Error No 3 – The War on drugs is failing
This is totally incorrect. Examples to the contrary include this quote from a recent Australian Federal Police report.

“It has been confirmed that in late 2000, the heroin availability within Australia fell.  Authoritative analysis has found the shortage could be attributed - at least in part - to the success of law enforcement efforts in disrupting major trafficking syndicates supplying the Australian market with heroin from South East Asia.
For instance, it led to a significant drop in the number of fatal overdoses from heroin, with some 600 fewer deaths per year than were occurring in the late 1990s’.

The War on Drugs is not lost – it has just taken a new course. If anything, we need to increase our effort and Drug Free Australia has strategies on how we could do this, with recommendations to the Federal Parliament.
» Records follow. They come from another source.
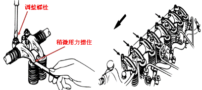 4.盤轉(zhuǎn)曲軸360度,按“雙排不進(jìn)”方法調(diào)整4缸上止點(diǎn)時(shí)氣門間隙
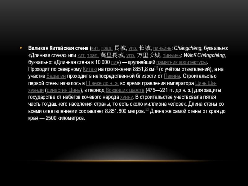 Слайд 4Великая Китайская стена (кит. трад. 長城, упр. 长城, пиньинь: Chángchéng, буквально:
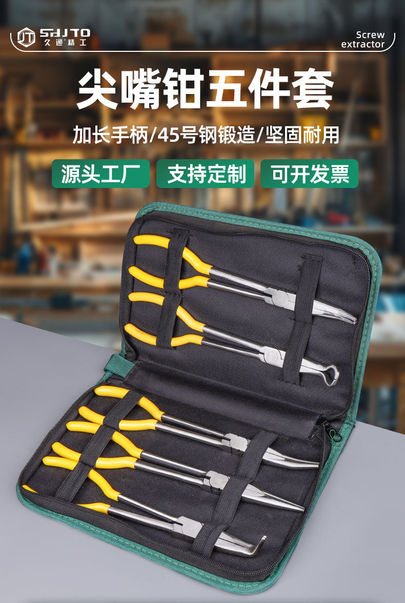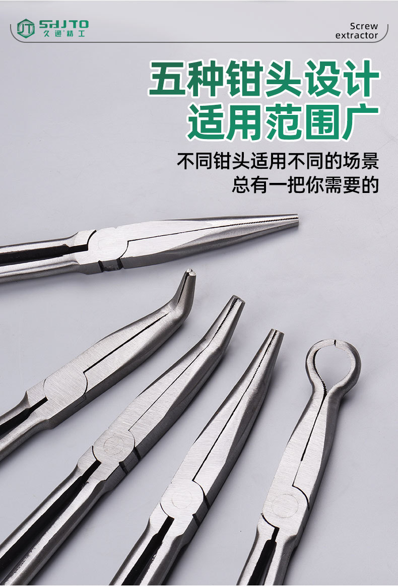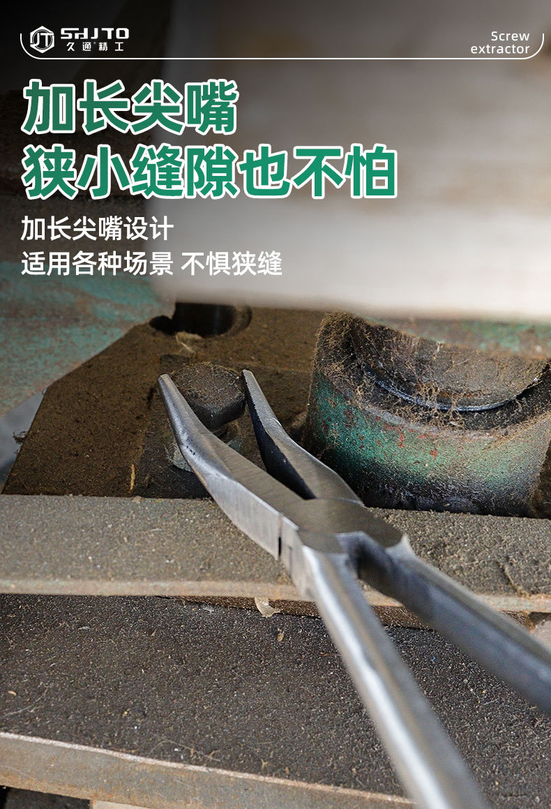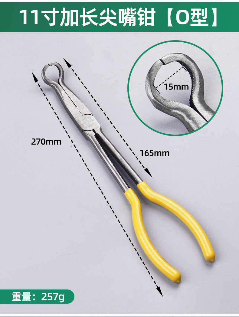 Ventas de fabricantes de 11 pulgadas de mango alargado 280mm punta de pinza de boca curva, pinza de boca larga
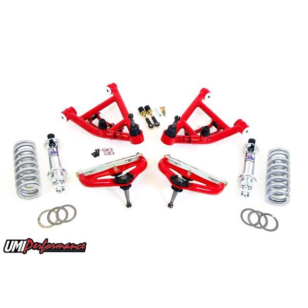 Tremendous front grip and a host of features can be yours with UMI’s complete front end Grip Kit. The included a-arm kit enables 10 degrees caster while maintaining standard track width and wheelbase. Lower a-arms are assembled with tall lower ball joints to optimize roll center, camber gain, and center of gravity. Lower a-arms feature Delrin bushings for smooth travel and bind free performance. The new lower a-arm works in conjunction with the included adjustable upper arm which features minimum shim adjustability, Proforged ball joints, and super smooth Teflon lined rod ends. The front sway bar attaches using UMI’s swivel style end link design and double shear mounting system. The included Viking Crusader coilover shocks mount to the lower a-arm in double shear quick change brackets. The lower shock mount is removable to allow spring and shock changes at the track. UMI’s kit features Viking Crusader shocks with AT pro-touring valving (high rebound tie down for road race and auto-x) and a true 2-1/2” racing coilover. The upper stud mount fits in factory location while the lower is optimized to fit UMI’s 3057-1 coilover lower a-arm. Some grinding is required for installation in the upper frame spring bucket. Other spring rates and valve codes are available. Battle tested on the iconic UMI Green Machine. Kit is available in UMI red or black powder coat. 100% designed, manufactured and raced with pride in the USA.

Error No 4 – Illicit drug are not harmful

  • Ask any parent who has lost one of their own to a heroin overdose
  • Ask any family member who has lost a child or sibling from cannabis-related suicide.
  • Ask any police officer who has had to report this to the parent or grandparent
  • Ask any medical practitioner about having to deal in the emergency department of a hospital about the increasing incidence  psychotic episodes from young people on ‘Ice’.
  • Ask any police worker who has had to take on the job of dismantling a Meth lab and clean up the filthy, toxic site …. and ask them about the condition in which  they have found the babies and small children at these sites

In Australia, ‘Ice’ or methamphetamine and ecstasy are a clear and present danger – with a conservative 1 in 10 people having tried these drugs and where, according to the Federal Police ‘clandestine laboratory seizures have risen from 58 in 1996-97 to 381 in 2004 05.

Surely, upon reflection, even people of Mr Duffy’s ilk would concede, that the use of heroin and other illicit drugs is hardly a safe way for anyone to have fun!